Nusantaratv.com - Pembayaran uang tebusan untuk serangan ransomware yang diduga berjumlah US$590 juta atau setara Rp8,2 triliun terjadi dalam enam bulan pertama tahun ini.
Jumlah tersebut lebih besar dari US$416 juta (Rp5,8 triliun) uang tebusan yang dibayarkan sepanjang 2020, kata Departemen Keuangan Amerika pada Jumat (15/10/2021).
Departemen Keuangan AS mengatakan jumlah rata-rata transaksi ransomware yang dilaporkan per bulan pada 2021 adalah US$102,3 juta (Rp1,4 triliun).
Dilaporkan, jenis ransomware yang umum digunakan adalah REvil/Sodinokibi, Conti, DarkSide, Avaddon, dan Phobosn, seperti dikutip dari VOA News, Sabtu (16/10/2021).
Presiden Amerika Serikat (AS) Joe Biden telah menjadikan respons pemerintah terhadap keamanan siber sebagai prioritas utama bagi tingkat paling senior dalam pemerintahannya menyusul terjadinya serangkaian serangan tahun ini yang mengancam stabilitas pasokan energi dan pangan.
Panduan baru dari Departemen Keuangan menyebutkan industri kripto memainkan peran penting dalam mencegah mereka yang masuk daftar hitam mengeksploitasi mata uang kripto untuk menghindari sanksi.

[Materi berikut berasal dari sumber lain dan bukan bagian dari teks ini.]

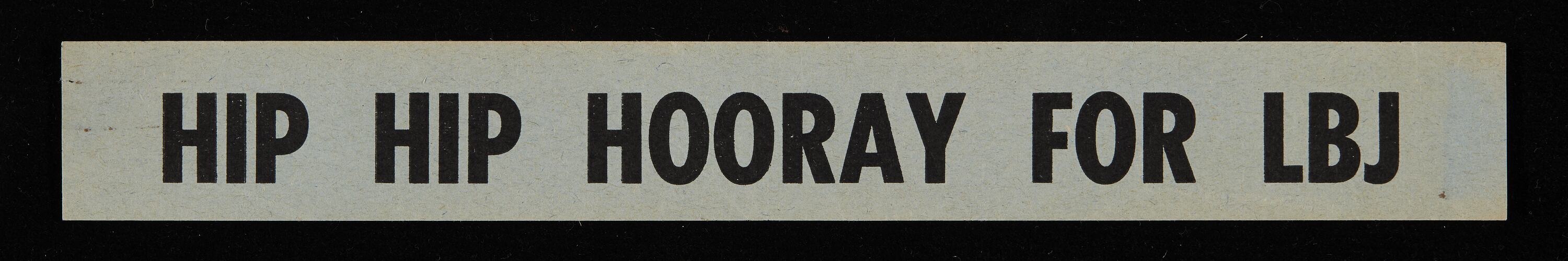 One of 15 pieces of tickertape coloured blue - each consisting of an elongated rectangular piece of thin paper, which has `HIP HIP HOORAY FOR LBJ' printed in large black type on the front side.

Panduan itu juga menyarankan pertukaran mata uang kripto menggunakan alat geolokasi untuk memblokir akses dari negara-negara di bawah sanksi Amerika.
Peretas menggunakan ransomware untuk menghapus sistem yang mengontrol semuanya, mulai dari penagihan rumah sakit hingga manufaktur. Di mana sistem akan kembali difungsikan jika pelaku sudah menerima pembayaran yang besar, biasanya dalam mata uang kripto.